_REQUIRED WORK_:
Using only the entries below, copy exactly the lines that begin at the one with "Salary | 1300 QAR |" and end at the one with "Denovo is an", both included. Drop the pictures.

_RECORD EXTRACTS_:
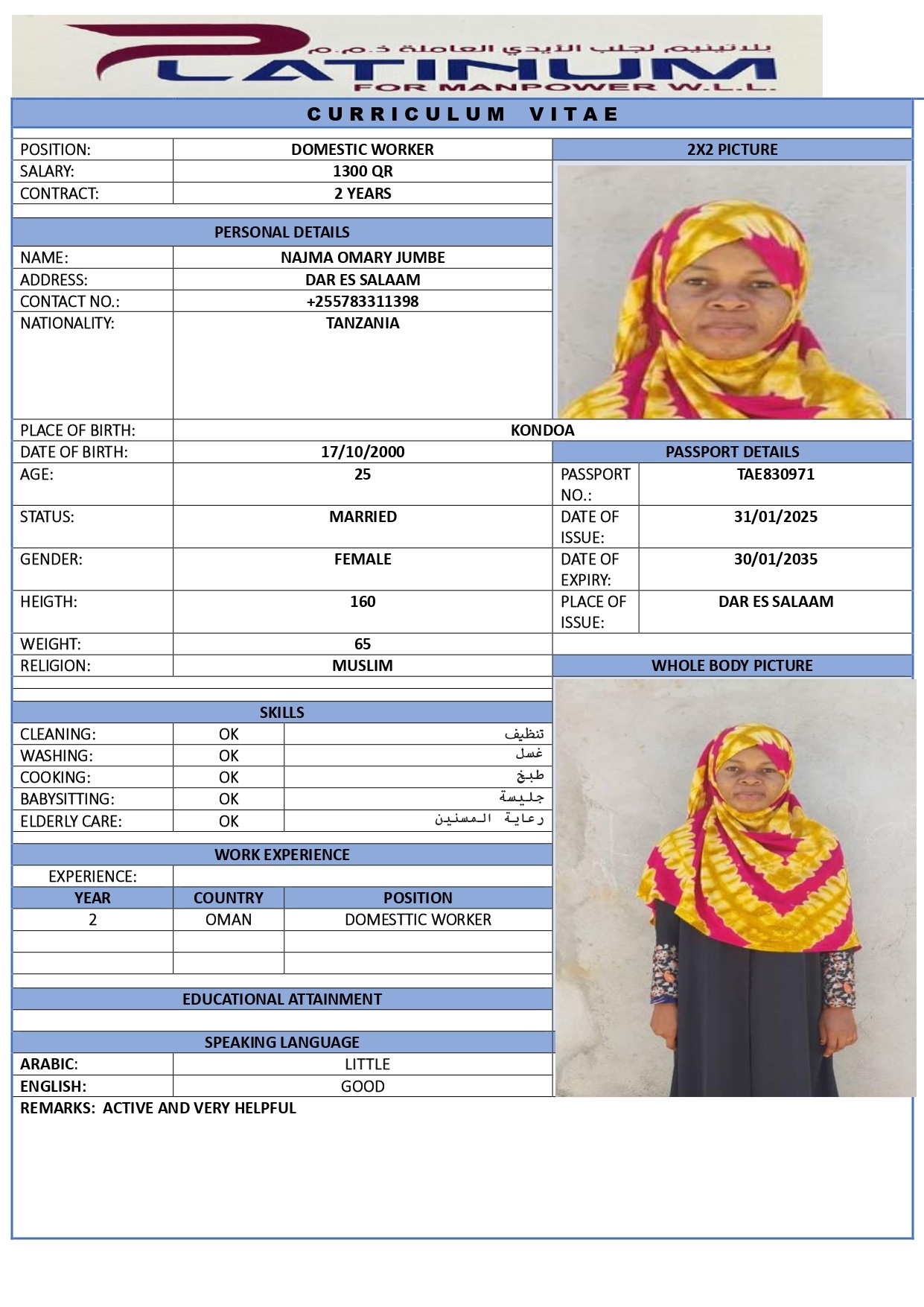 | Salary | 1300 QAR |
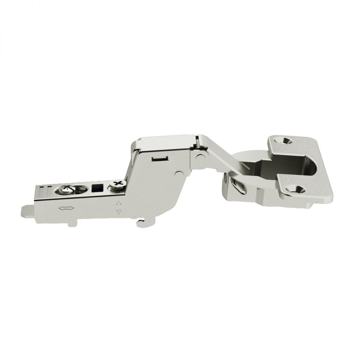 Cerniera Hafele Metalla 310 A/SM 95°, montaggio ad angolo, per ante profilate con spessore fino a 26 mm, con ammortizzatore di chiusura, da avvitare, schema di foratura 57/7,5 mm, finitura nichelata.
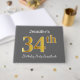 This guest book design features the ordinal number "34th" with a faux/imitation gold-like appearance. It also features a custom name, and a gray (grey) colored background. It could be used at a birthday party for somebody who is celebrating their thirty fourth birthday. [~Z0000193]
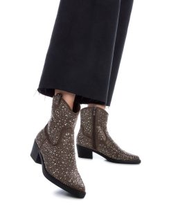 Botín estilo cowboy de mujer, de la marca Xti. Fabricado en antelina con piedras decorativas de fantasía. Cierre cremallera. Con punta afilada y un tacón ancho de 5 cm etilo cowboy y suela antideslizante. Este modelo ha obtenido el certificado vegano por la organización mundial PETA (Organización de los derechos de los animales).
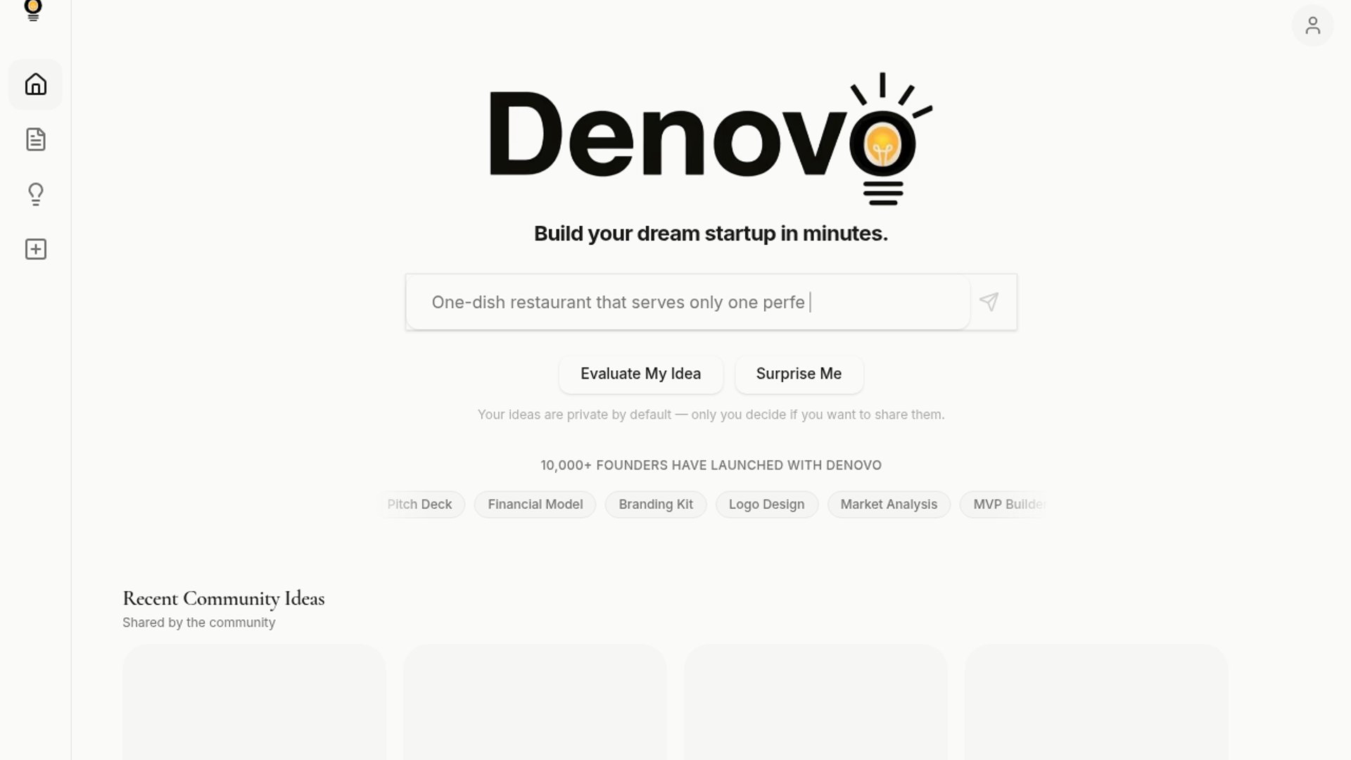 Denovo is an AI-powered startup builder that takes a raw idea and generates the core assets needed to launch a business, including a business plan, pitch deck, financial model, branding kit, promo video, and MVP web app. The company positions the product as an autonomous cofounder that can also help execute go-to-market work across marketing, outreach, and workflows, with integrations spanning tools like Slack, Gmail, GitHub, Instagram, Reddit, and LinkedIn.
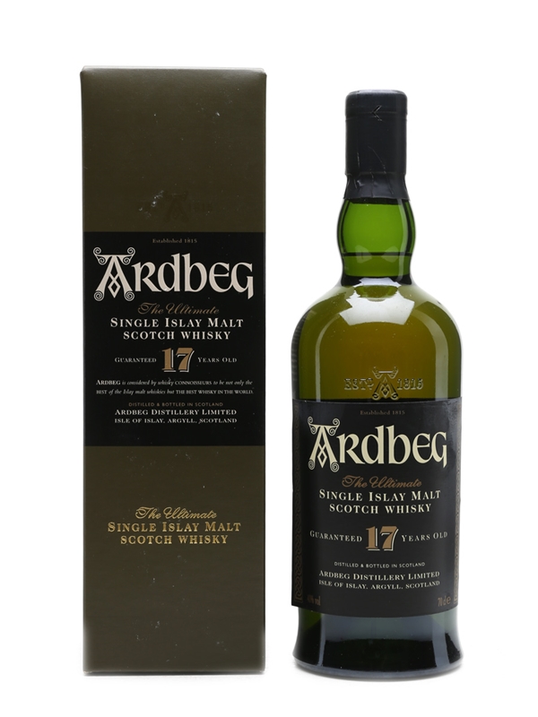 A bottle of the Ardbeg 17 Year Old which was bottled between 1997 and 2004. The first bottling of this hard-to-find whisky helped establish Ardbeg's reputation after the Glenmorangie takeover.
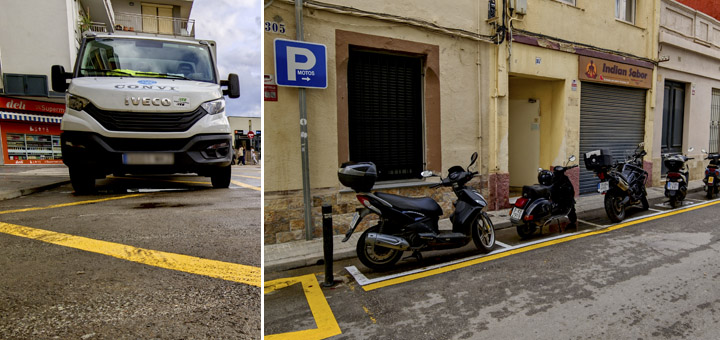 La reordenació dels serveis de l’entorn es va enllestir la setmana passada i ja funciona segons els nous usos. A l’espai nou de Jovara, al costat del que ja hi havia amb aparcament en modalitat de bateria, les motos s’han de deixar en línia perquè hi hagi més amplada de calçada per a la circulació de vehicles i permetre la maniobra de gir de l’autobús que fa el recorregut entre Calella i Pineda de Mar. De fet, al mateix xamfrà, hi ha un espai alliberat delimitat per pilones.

...

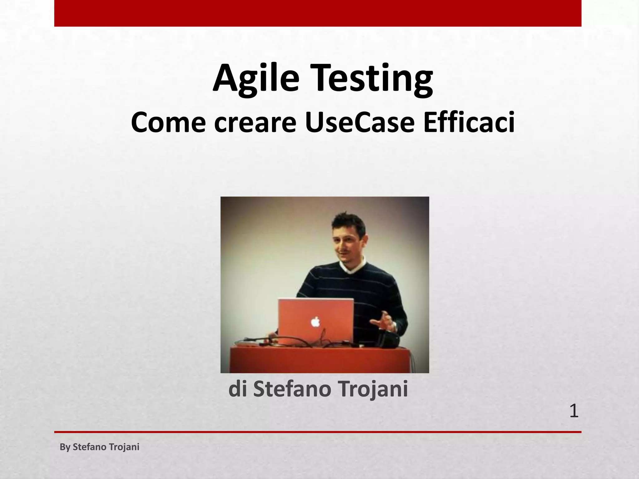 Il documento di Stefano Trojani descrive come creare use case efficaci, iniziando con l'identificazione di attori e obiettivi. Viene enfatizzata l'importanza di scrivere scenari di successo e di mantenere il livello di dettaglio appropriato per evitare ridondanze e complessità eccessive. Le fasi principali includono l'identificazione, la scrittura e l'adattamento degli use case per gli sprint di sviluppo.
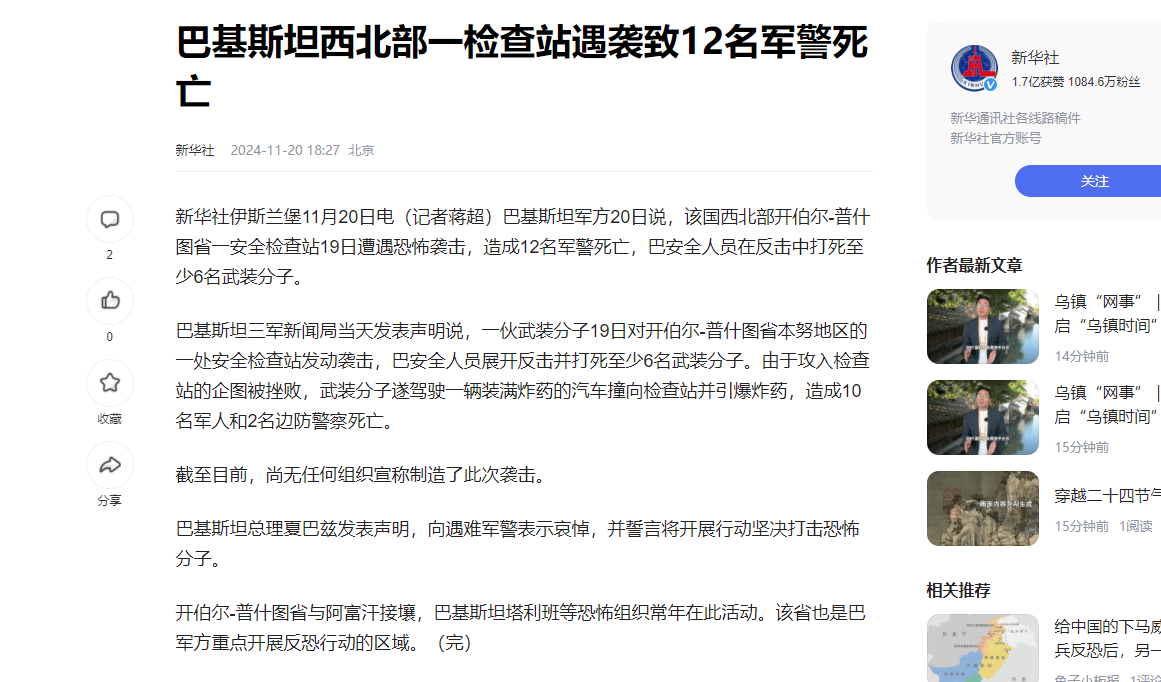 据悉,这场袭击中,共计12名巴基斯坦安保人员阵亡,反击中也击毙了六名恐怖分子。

---

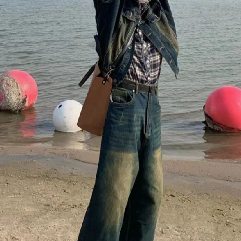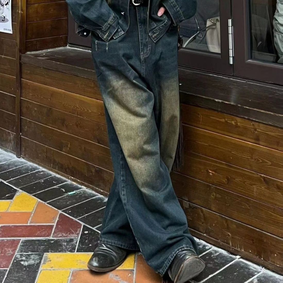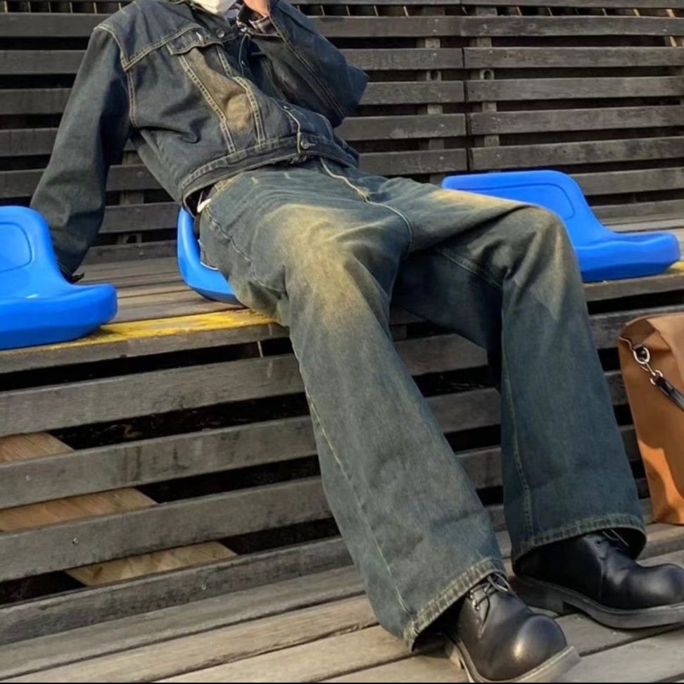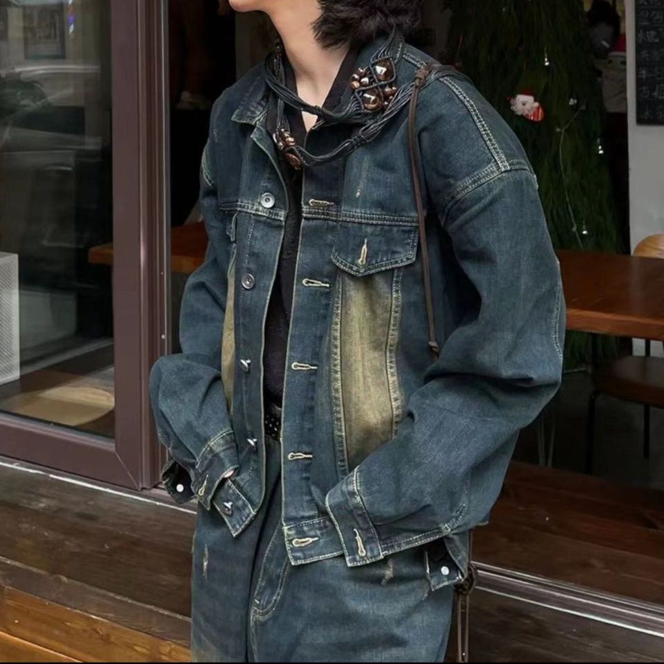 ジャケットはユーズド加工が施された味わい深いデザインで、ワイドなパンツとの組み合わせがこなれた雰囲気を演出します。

_TASK ANSWER_:
 | Salary | 1300 QAR |
 Cerniera Hafele Metalla 310 A/SM 95°, montaggio ad angolo, per ante profilate con spessore fino a 26 mm, con ammortizzatore di chiusura, da avvitare, schema di foratura 57/7,5 mm, finitura nichelata.
 This guest book design features the ordinal number "34th" with a faux/imitation gold-like appearance. It also features a custom name, and a gray (grey) colored background. It could be used at a birthday party for somebody who is celebrating their thirty fourth birthday. [~Z0000193]
 Botín estilo cowboy de mujer, de la marca Xti. Fabricado en antelina con piedras decorativas de fantasía. Cierre cremallera. Con punta afilada y un tacón ancho de 5 cm etilo cowboy y suela antideslizante. Este modelo ha obtenido el certificado vegano por la organización mundial PETA (Organización de los derechos de los animales).
 Denovo is an AI-powered startup builder that takes a raw idea and generates the core assets needed to launch a business, including a business plan, pitch deck, financial model, branding kit, promo video, and MVP web app. The company positions the product as an autonomous cofounder that can also help execute go-to-market work across marketing, outreach, and workflows, with integrations spanning tools like Slack, Gmail, GitHub, Instagram, Reddit, and LinkedIn.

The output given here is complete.